### Prompt
Print exactly the lines below between the line holding "在一系列经典元素加持下,MI" and the line holding "6月17日,我院法学教师赵宇", inclusive, and nothing more.
<<<<
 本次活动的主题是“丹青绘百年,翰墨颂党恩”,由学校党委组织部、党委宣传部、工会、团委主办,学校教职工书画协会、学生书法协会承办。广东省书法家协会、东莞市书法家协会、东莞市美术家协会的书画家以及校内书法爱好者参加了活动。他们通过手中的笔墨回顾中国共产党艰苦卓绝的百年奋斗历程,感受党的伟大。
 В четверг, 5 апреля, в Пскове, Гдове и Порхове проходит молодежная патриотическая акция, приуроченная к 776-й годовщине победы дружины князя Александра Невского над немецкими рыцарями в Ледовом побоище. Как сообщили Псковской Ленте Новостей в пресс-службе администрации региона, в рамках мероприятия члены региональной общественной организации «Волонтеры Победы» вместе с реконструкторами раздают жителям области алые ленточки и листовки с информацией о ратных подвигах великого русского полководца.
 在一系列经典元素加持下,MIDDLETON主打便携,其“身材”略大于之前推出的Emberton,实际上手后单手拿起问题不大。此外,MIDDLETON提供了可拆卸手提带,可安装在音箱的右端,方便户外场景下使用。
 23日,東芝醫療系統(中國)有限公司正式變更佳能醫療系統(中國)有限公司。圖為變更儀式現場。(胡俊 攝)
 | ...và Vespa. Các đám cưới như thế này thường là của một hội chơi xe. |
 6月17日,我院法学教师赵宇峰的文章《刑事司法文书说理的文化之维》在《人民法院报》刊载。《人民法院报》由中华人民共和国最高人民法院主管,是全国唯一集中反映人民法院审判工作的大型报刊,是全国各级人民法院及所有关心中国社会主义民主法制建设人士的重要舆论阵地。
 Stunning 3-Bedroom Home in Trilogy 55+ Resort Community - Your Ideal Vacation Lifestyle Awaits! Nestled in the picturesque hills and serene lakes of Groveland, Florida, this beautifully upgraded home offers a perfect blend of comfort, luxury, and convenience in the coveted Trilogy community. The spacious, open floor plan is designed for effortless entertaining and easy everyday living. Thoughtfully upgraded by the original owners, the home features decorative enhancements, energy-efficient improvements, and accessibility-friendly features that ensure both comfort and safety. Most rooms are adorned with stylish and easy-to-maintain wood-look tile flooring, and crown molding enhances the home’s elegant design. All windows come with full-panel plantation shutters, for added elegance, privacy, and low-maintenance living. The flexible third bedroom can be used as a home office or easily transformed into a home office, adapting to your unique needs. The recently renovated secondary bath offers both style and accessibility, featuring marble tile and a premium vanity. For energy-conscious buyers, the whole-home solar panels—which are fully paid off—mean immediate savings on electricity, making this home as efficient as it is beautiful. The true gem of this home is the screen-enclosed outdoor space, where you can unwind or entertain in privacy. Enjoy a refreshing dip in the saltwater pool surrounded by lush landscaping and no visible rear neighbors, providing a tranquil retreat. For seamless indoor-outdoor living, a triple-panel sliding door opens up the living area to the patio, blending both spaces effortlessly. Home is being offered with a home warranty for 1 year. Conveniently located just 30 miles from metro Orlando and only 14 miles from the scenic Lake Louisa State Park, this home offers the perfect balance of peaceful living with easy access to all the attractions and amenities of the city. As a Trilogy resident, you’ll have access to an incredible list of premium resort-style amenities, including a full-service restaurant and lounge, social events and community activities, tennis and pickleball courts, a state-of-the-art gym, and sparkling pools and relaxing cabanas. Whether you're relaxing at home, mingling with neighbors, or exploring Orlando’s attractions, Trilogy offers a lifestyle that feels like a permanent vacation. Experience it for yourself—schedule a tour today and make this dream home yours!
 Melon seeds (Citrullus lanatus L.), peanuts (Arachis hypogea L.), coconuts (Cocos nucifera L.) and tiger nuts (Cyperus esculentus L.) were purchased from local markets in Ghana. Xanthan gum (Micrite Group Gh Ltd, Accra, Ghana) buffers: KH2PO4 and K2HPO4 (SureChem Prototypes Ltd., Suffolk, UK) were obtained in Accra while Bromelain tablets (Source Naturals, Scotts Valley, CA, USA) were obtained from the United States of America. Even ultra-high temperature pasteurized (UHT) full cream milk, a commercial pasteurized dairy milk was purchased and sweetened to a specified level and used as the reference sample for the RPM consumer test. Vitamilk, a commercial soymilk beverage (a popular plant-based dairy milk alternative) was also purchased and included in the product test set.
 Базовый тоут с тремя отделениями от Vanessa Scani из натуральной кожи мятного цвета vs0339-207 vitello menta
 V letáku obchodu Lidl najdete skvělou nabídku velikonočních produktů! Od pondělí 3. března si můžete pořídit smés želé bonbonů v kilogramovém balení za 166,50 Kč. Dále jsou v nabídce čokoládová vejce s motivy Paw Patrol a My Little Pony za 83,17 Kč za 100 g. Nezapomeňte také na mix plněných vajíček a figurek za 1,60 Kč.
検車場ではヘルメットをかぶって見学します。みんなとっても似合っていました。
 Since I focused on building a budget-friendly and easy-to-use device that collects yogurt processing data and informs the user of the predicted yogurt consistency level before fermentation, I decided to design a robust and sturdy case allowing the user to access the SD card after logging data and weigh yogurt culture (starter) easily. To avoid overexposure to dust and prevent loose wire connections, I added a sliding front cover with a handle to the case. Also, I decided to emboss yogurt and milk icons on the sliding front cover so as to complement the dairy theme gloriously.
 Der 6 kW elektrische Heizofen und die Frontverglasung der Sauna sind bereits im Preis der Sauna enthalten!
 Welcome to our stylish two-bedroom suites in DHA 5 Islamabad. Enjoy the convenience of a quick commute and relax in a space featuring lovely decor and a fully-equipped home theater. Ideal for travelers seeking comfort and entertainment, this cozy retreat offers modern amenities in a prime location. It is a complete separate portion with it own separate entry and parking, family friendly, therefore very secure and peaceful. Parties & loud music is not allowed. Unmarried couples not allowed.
>>>>
### Worked solution
 在一系列经典元素加持下,MIDDLETON主打便携,其“身材”略大于之前推出的Emberton,实际上手后单手拿起问题不大。此外,MIDDLETON提供了可拆卸手提带,可安装在音箱的右端,方便户外场景下使用。
 23日,東芝醫療系統(中國)有限公司正式變更佳能醫療系統(中國)有限公司。圖為變更儀式現場。(胡俊 攝)
 | ...và Vespa. Các đám cưới như thế này thường là của một hội chơi xe. |
 6月17日,我院法学教师赵宇峰的文章《刑事司法文书说理的文化之维》在《人民法院报》刊载。《人民法院报》由中华人民共和国最高人民法院主管,是全国唯一集中反映人民法院审判工作的大型报刊,是全国各级人民法院及所有关心中国社会主义民主法制建设人士的重要舆论阵地。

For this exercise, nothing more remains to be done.